All the way around : In an intimate concert setting, choreographer and dancer Meg Stuart meets jazz musicians Doug Weiss and Béla Meinberg. Together, they go on an uncharted journey into movement and sound. “All the Way Around” takes the ballad, a song of longing and defiance, and breaks it down into small but meaningful gestures. Tracing and unfurling spirals of memory, “All the way around” opens a door to return our collective experience to the level of the personal. We take a deep dive into what was, riding the waves between the almost-remembered and the unknown.
Choreography and Dance: Meg Stuart | Music: Doug Weiss and Béla Meinberg | Light: Emese Csornai | Artistic Support: Mor Demer
METTE EDVARDSEN & JONATHAN BURROWS *
Lab: July 12 – 15, 10-16h
Performance: July 17, 20h / METTE EDVARDSEN, JONATHAN BURROWS, MATTEO FARGION & FRANCESCA FARGION Music for Lectures / Every word was once an animal
* CANCELLED due to corona related travel restrictions from the UK.
Music For Lectures / Every word was once an animal In this lecture with live music Mette Edvardsen will speak about language and repetition as material in her work. What does it mean to do the same?

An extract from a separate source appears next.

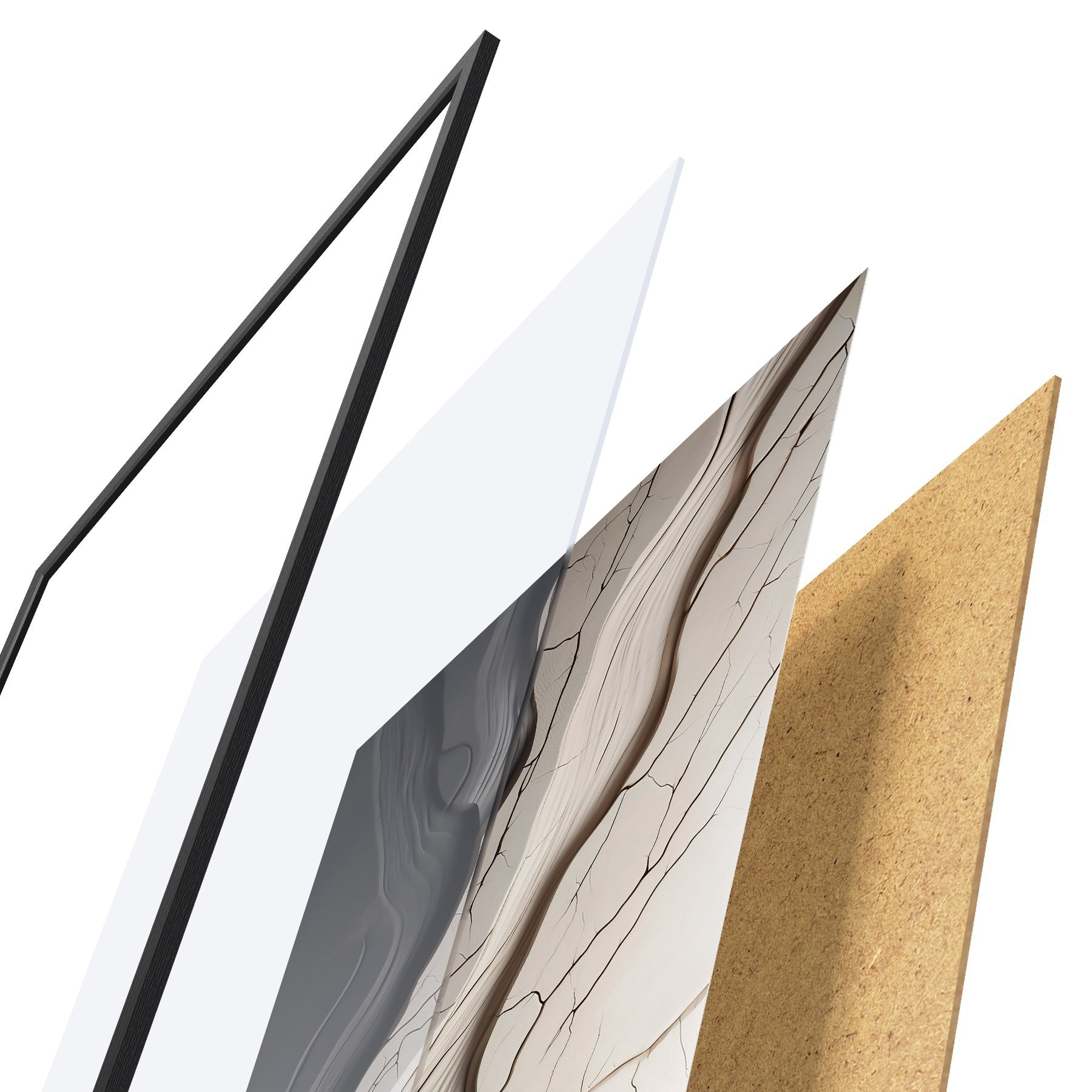 Plagát sa skladá z rámu, plexiskla, vytlačeného obrazu a podkladu z drevotriesky. Plagát možno okamžite zavesiť na stenu vďaka úchytom na zadnej strane.

What does it mean to do something again? ‘Every word was once an animal’ is part of the series ‘Music For Lectures’ by Burrows and Fargion that aims to collide academic practice with the actuality of performance and continues their recent practice of creating often in proximity and collaboration with somebody else’s work.
Text: Mette Edvardsen | Music: Jonathan Burrows, Matteo Fargion, Francesca Fargion
EMMILOU RÖSSLING
Lab: July 19 & 20, 10-16h
Performance: July 22, 20h / EMMILOU RÖSSLING / The Fraternity
bromancing and other social dances This workshop will take as its departure point themes touched upon in the piece THE FRATERNITY and will consider different forms of spending time together through dance and other weak forms of presence. Textiles will support the explorations of notions around craft, technique and composition and felt specifically will be an analogy for forms of gathering that are structureless and contingent. We will be working with different scores, phrase material and strategies of camouflage.

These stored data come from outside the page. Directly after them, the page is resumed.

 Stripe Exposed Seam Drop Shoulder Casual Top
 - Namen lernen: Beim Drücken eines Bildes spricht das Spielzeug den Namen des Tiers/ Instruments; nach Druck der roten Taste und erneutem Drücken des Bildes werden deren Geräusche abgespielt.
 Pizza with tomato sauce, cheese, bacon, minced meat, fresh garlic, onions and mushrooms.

In THE FRATERNITY three women come together in an idle search of suspending time in which dance becomes a smokescreen for an experience that is more like the felt and less like the woven fabric. They offer a texture that one can rest upon a little, that comes with no expectations except for the time that is spent together.
Choreography: Emmilou Rößling | Performance: Emmilou Rößling, Rachell Bo Clark, Tarren Johnson | Light: Maika Knoblich
DAVID BLOOM
Lab: July 21 & 22, 10-16h
Performance: July 24, 21h / Double Bill: SAIDA MAKHMUDZADE / the memory of yesterday carried me through today (20h) & DAVID BLOOM / Alles Vergängliche (21h)

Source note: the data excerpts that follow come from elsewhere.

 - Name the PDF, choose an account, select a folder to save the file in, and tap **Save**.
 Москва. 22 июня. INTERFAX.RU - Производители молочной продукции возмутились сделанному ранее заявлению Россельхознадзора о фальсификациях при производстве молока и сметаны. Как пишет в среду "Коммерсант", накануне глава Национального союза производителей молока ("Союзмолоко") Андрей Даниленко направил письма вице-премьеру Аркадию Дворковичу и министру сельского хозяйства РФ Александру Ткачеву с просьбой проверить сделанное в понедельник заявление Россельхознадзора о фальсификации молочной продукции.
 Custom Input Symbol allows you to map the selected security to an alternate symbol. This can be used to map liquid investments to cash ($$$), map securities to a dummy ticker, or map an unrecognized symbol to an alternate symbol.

“But I could never do THAT in a piece!” Choreography as an Active and Receptive Practice Desires and Boundaries, in many different manifestations, are issues i’ve been working/dealing/teaching with for about 10 years now. In this workshop, drawing on that process, and the development of the solo performance Alles Vergängliche, we will consider the Desires that arise while making work. Where do they come from? What do we do with them? Are they friends? Allies? Enemies? Lovers? We will begin by working with each other as mirrors of Desire, then expand our awareness to include our Desires towards our work, and the Universe at large. What role do biography, identity, politics, spirituality, history, society, and so forth, play in our process of creation, and how do we let all of them in, or if we prefer, keep some of them out? This workshop is for anyone who has ever had doubts about their choices while making work.
Alles Vergängliche In our age of unimaginable transformations at a daily pace, the dancing human body always holds an element of powerlessness. Watching someone flail their arms around on stage is a little weird considering everything else that’s going on. The solo project Alles Vergängliche is an effort by one dancer to swallow the world, by engaging with two other attempts to manifest the universe in a single setting: Gustav Mahler’s 8th symphony, which Mahler himself said is intended to contain everything; and daily newscasts, which choose to include certain stories, and exclude others, to give the supposedly most complete picture possible of what is going on in the world on any given day. That is no more realistic than dancing by one’s self to Mahler, but David draws upon his experience as Musician, Dancer, and Jewish Mystic, and explores what, if any, generative power lives within the human body itself, in the face of an unprecedented daily confrontation with “everything”.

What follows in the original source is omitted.